Looking back, when mom died, I was continuously caught up in ‘doing’, no matter what, even if it meant I couldn’t breathe at times! Also dad was still around and needed my support. 

I am a fighter and survivor. Like my dad. This is just innate. But this fight was different. Extreme physical and mental discomfort meant I had to surrender, be patient, and allow the discomfort to pass. And then one fine day, sometime in the beginning of May, I suddenly felt different. I felt that same unconditional love for the universe that I had felt before.  Like everything is connected. Everything made sense. My energy levels soared. My heart rate was higher than normal. I experienced similar sensations of euphoria that I did in 2015. My identity and ego dissolved. Loss and surrender made me realize that nothing is more important than love. What else was there, after all? Unconditional love had been given to me ever since I was born. I had finally found acceptance in the death of my folks. I could take the love they had for me, and expand it to the whole word. My heart felt enormous. I could be in a state of flow with no attachment to outcome.

The sensations lasted a while and subsided. My energy reached a more balanced state.  This felt like a real awakening for the first time in my life. I learned to surrender for the first time in my life. I had cleared a huge blockage in my life.

January 2022

A peaceful state of being in Dublin. A lot of stillness. Less doing, more being. I did undertake a fast which resulted in the ego dissolving, more than ever before, effortlessly. Lots of joy, freedom, peace and stillness. Check out https://wordpress.com/post/shruthsblog.com/600 to know more about what I was experiencing in the weeks preceding the next few paragraphs. In one line, it was ‘a state of bliss beyond the dualistic cycle of pleasure and pain’.

It is in a quiet state of being that I have had a Kundalini Awakening. From nothingness. Out of nowhere. Out of the blue. And this time the universe came and whispered in my ear– This is your kundalini energy baby, it’s time you realize it.

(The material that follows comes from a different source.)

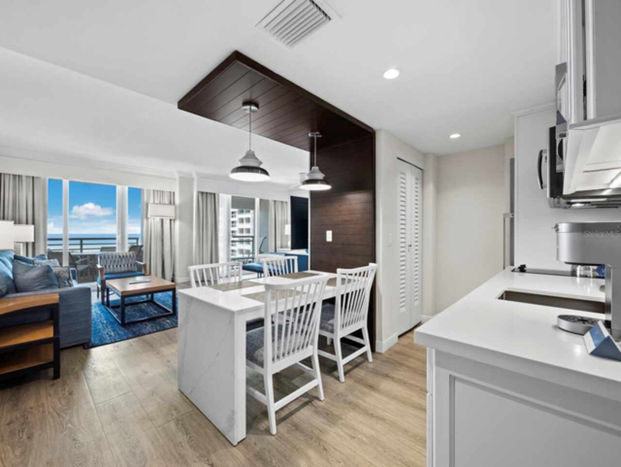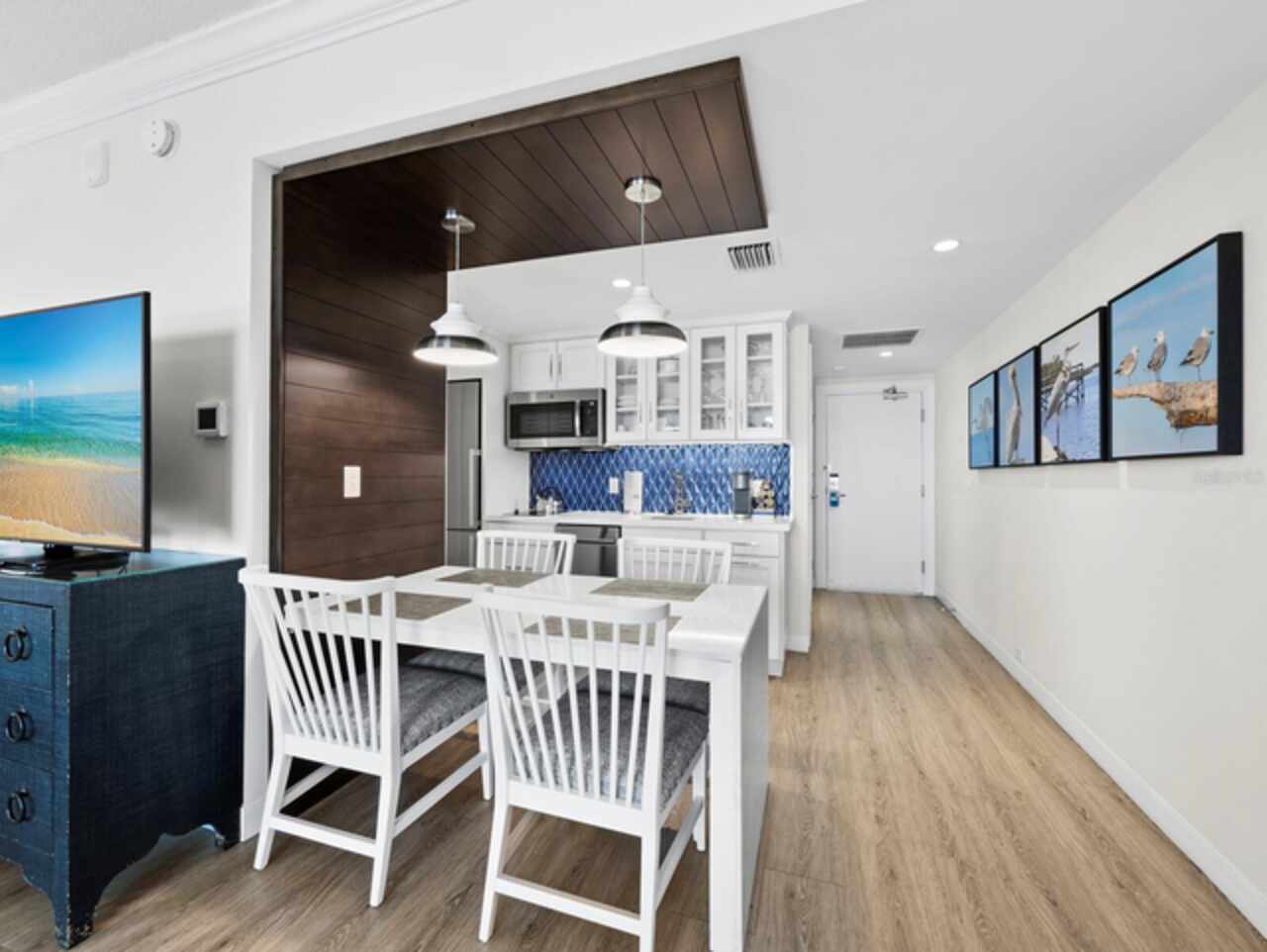 Located behind the gates of the highly desirable Longboat Key Club, this 1BR/1BA Club Suite at Inn on the Beach offers a unique opportunity to own within the prestigious Longboat Key Club Resort. Spanning 650 sq. ft., this residence provides both convenience and privacy, with an expansive covered terrace offering peaceful Gulf views while keeping you close to every amenity. Completely renovated and meticulously styled, the interior pairs warm wood accents with neutral tones, complemented by faux wood tile floors flowing throughout. Dual sliders frame shimmering Gulf waters and invite natural light into the living space. The kitchen is a standout, with stone countertops, harmonizing cabinetry with glass panel accents and a colorful tile backsplash that adds just the right touch of vibrancy. Off the bedroom space, a beautifully updated bath features all-white cabinetry, a separate water closet and a glass walk-in shower with striking tilework. For added ease, in-unit laundry utilities are included. This unit participates in the Resort Rental Program and has a healthy rental history, with nightly rentals allowed, making it both an enjoyable retreat and a strong investment. As an owner, you’ll have access to the exclusive amenities of the 410-acre Longboat Key Club, including 45 holes of championship golf, 20 Har-Tru tennis courts at the award-winning Tennis Gardens, a full-service marina, private Gulf-front beach with umbrellas and attendant service, a world-class fitness and wellness center, spa and five private dining options. Recently renovated guest services, dining areas, and resort amenities have elevated the experience even further, earning accolades such as the AAA Four-Diamond Award and recognition from Condé Nast Traveler as a Top Florida Resort.

Increased heart rate, but comfortable. Lungs are incredibly clear. Sleeping little, and in spurts, but comfortable. No desire for food or alcohol, but comfortable.  A surge of energy. Synchronicities every single day. Manifestations beyond the mind.  Answers to questions that I have been asking for 2 decades. And new questions and immediate answers being revealed. A heightened ability to discern.  All arising spontaneously. Effortlessly.  A sense of divinity within and around.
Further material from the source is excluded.